What Part of "Resource" Don't I Understand?

David Booth <dbooth@w3.org>, W3C Fellow / Hewlett-Packard

$Revision: 1.7 $ of $Date: 2003/01/28 03:47:26 $ by $Author: dbooth $

This document: http://www.w3.org/2002/11/dbooth-names/dbooth-rfc2396-analysis_clean.htm

Abstract
Status of This Document
Prerequisites
Analysis

Questions: Q1, Q2, Q3, Q4, Q5, Q6, Q7, Q8, Q9, Q10

Conclusions
References

Abstract

This document analyzes the definition of "resource" in RFC2396 [1] in an attempt to understand it. It notes ten questions or points of confusion (labeled QUESTION1 - QUESTION10) that I encountered.

WARNING: This analysis is painfully detailed, and somewhat rambling (sorry!), reflecting my thought process as I (honestly) attempted to understand the definition. It is only recommended to those who believe that the definition is clear, and want to see evidence to the contrary.

Status of This Document

This document represents my own views. It has no official status. Comments are invited.

Prerequisites

Throughout this analysis I try to relate statements in RFC2396[1] to my own pre-existing understanding of the ways that I have seen URIs used in reality, which I have described in "Four Uses of a URL: Name, Concept, Web Location and Document Instance"[2]. That document describes a classification scheme of four kinds of things -- names, concepts, Web locations and document instances -- which you should understand before reading this document. You should also understand what I mean by the "different names" versus "different context" approaches described therein.

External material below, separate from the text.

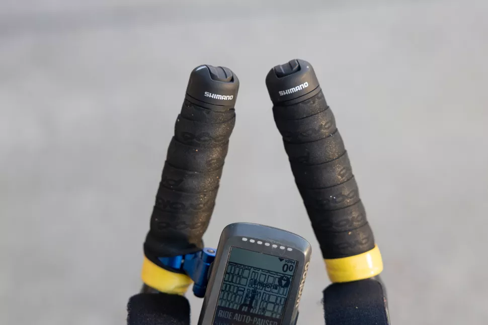 Lachlan Morton的Cannondale在休息把上安装了码表架,在前端有变速按钮。

Admittedly, notions in RFC2396 might not correspond to notions in my classification scheme. It's quite possible that I need to adopt some entirely new concepts in order to understand the definition of "resource". So although I do try to relate notions in RFC2396 to my own classification scheme, I also try to keep my mind open.

Analysis

For ease in discussing particular lines in RFC2396, I created a line numbered version. Each excerpt below was copied from that document, and is followed by my thoughts.

  39. Abstract

40.

  41.    A Uniform Resource Identifier (URI) is a compact string of characters

  42.    for identifying an abstract or physical resource.  [...]

Thought 0: Since this appears in the abstract of RFC2396, I probably shouldn't consider the statement to be normative. Nonetheless, it provides evidence that a URI identifies a resource, and a resource can be abstract or physical.

"Resource" seems to be defined mostly in lines 103-123, though further evidence of its meaning, and its relationship to a URI, appears in lines 124-143.

 103.       Resource

 104.          A resource can be anything that has identity.  [...]

Thought 1: Okay, so a resource can be anything, since anything can have identity.

Thought 2: What does it mean to "have identity"? Presumably, it means you can refer to it. Which of the four things in my classification scheme can be referenced? Potentially any of them. On the other hand, maybe "having identity" means that you can refer to the thing *directly*, meaning that the thing has a name. In my classification scheme, any of the four things could potentially have a name, though I think the "concept" and the "Web location" are the most likely to have names.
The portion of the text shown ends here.